Origin and history of the idea

The thought experiment first appeared in a letter Maxwell wrote to Peter Guthrie Tait on 11 December 1867. It appeared again in a letter to John William Strutt in 1870, before it was presented to the public in Maxwell's 1871 book on thermodynamics titled Theory of Heat.[2]

In his letters and book, Maxwell described the agent opening the door between the chambers as a "finite being". William Thomson (Lord Kelvin) was the first to use the word "demon" for Maxwell's concept, in the journal Nature in 1874, and implied that he intended the mediating, rather than malevolent, connotation of the word.[3][4][5]
Original thought experiment

The second law of thermodynamics ensures (through statistical probability) that two bodies of different temperature, when brought into contact with each other and isolated from the rest of the Universe, will evolve to a thermodynamic equilibrium in which both bodies have approximately the same temperature. The second law is also expressed as the assertion that in an isolated system, entropy never decreases.

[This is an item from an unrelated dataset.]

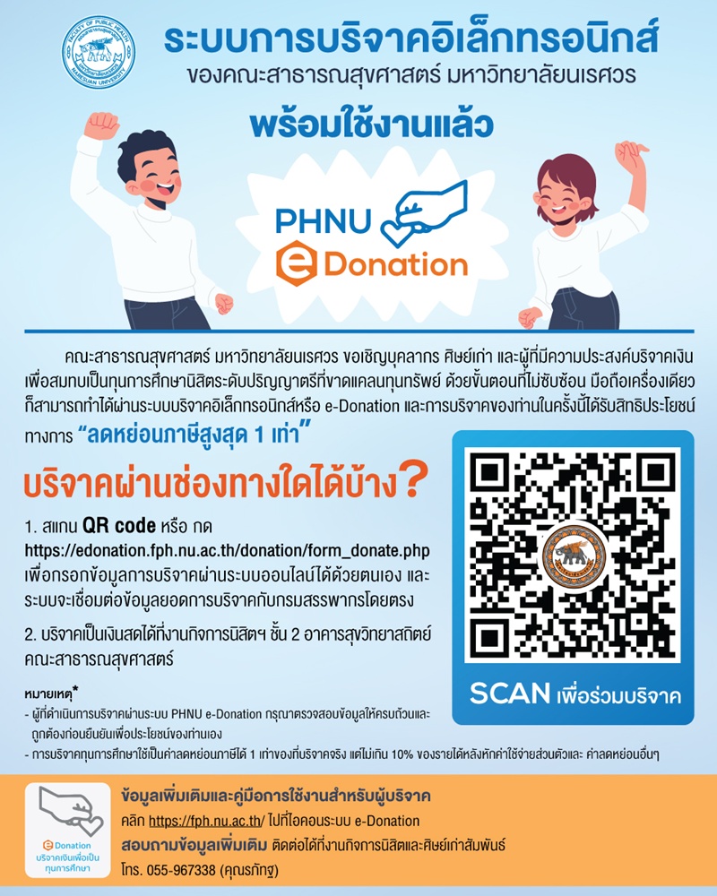 คณะสาธารณสุขศาสตร์ มหาวิทยาลัยนเรศวร จัดทำระบบบริจาคอิเล็กทรอนิกส์ หรือ e-Donation เพื่ออำนวยความสะดวกแก่ผู้ที่มีความประสงค์บริจาคเงินเพื่อสมทบทุนเพื่อมอบเป็นทุนการศึกษาของนิสิตปริญญาตรีที่ขาดแคลนทุนทรัพย์ การบริจาคสามารถดำเนินการผ่านระบบออนไลน์ได้ด้วยตนเองและระบบจะเชื่อมต่อข้อมูลการบริจาคกับกรมสรรพากรโดยตรง และได้รับสิทธิประโยชน์ทางการลดหย่อนภาษี

Maxwell conceived a thought experiment as a way of furthering the understanding of the second law. His description of the experiment is as follows:[6]

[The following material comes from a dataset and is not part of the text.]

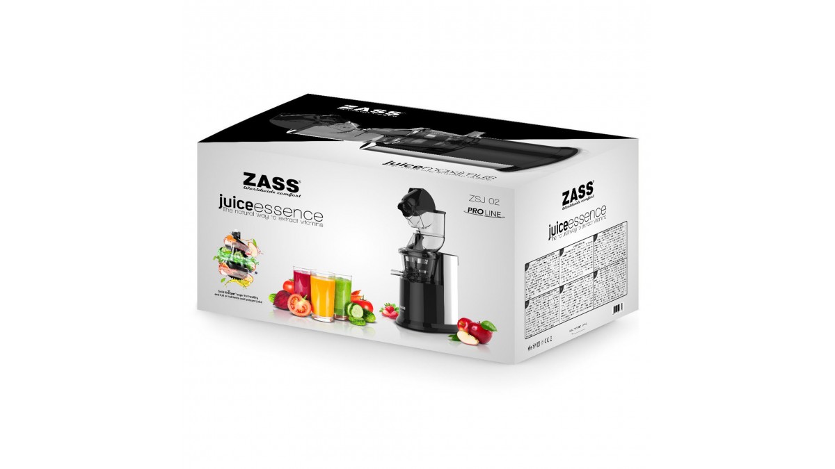 Storcătorul Zass ZSJ 02 din gama ProLine poate presa la rece toate tipurile de fructe, legume, fibre, grâu verde sau soia oferindu-ţi energie şi forţa necesară de-a lungul zilei.

... if we conceive of a being whose faculties are so sharpened that he can follow every molecule in its course, such a being, whose attributes are as essentially finite as our own, would be able to do what is impossible to us. For we have seen that molecules in a vessel full of air at uniform temperature are moving with velocities by no means uniform, though the mean velocity of any great number of them, arbitrarily selected, is almost exactly uniform. Now let us suppose that such a vessel is divided into two portions, A and B, by a division in which there is a small hole, and that a being, who can see the individual molecules, opens and closes this hole, so as to allow only the swifter molecules to pass from A to B, and only the slower molecules to pass from B to A. He will thus, without expenditure of work, raise the temperature of B and lower that of A, in contradiction to the second law of thermodynamics....

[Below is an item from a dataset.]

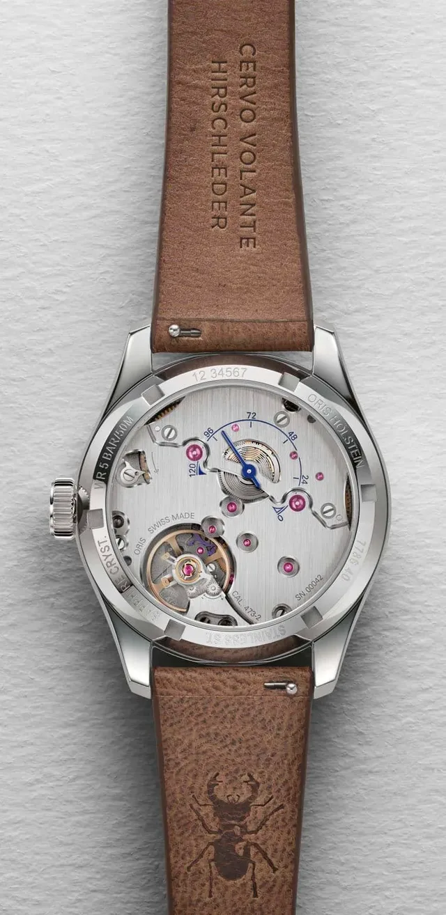 Die Uhr mit dem für Oris typischen "Pointer Date" und der kleinen Sekunde besitzt wie das Vorbild von 1938 ein Handaufzugswerk. Auf der Rückseite hat Oris für das 5-Tage-Werk eine Gangreserveanzeige integriert. Für die spezielle Konstruktion mit einem innovativen Rad, dass die sonstige Friktionslösung überflüssig macht, hat die Schweizer Marke ein Patent angemeldet.

Schematic figure of Maxwell's demon

In other words, Maxwell imagines one container divided into two parts, A and B. Both parts are filled with the same gas at equal temperatures and placed next to each other. Observing the molecules on both sides, an imaginary demon guards a trapdoor between the two parts. When a faster-than-average molecule from A flies towards the trapdoor, the demon opens it, and the molecule will fly from A to B. Likewise, when a slower-than-average molecule from B flies towards the trapdoor, the demon will let it pass from B to A. The average speed of the molecules in B will have increased while in A they will have slowed down on average. Since average molecular speed corresponds to temperature, the temperature decreases in A and increases in B, contrary to the second law of thermodynamics.

Note that the demon must allow molecules to pass in both directions in order to produce only a temperature difference; one-way passage only of faster-than-average molecules from A to B will cause higher temperature and pressure to develop on the B side. In fact, because temperature and pressure are related, if A and B both contain the same numbers of molecule per unit volume, the one with the higher temperature will also have higher pressure; the demon must actually let more slow molecules pass from B to A than fast ones pass from A to B in order to make B hotter at the same pressure. Indeed, by regulating the number of molecules passed in each direction, the demon could achieve a pressure difference instead of a temperature difference, or any combination of temperature and pressure differences (possibly including lower pressure on the higher temperature side, depending on the variance in the speeds of the molecules).
Criticism and development

Several physicists have presented calculations that show that the second law of thermodynamics will not actually be violated, if a more complete analysis is made of the whole system including the demon. The essence of the physical argument is to show, by calculation, that any demon must "generate" more entropy segregating the molecules than it could ever eliminate by the method described. That is, it would take more energy to gauge the speed of the molecules and allow them to selectively pass through the opening between A and B than the amount of energy saved by the difference of temperature caused by this.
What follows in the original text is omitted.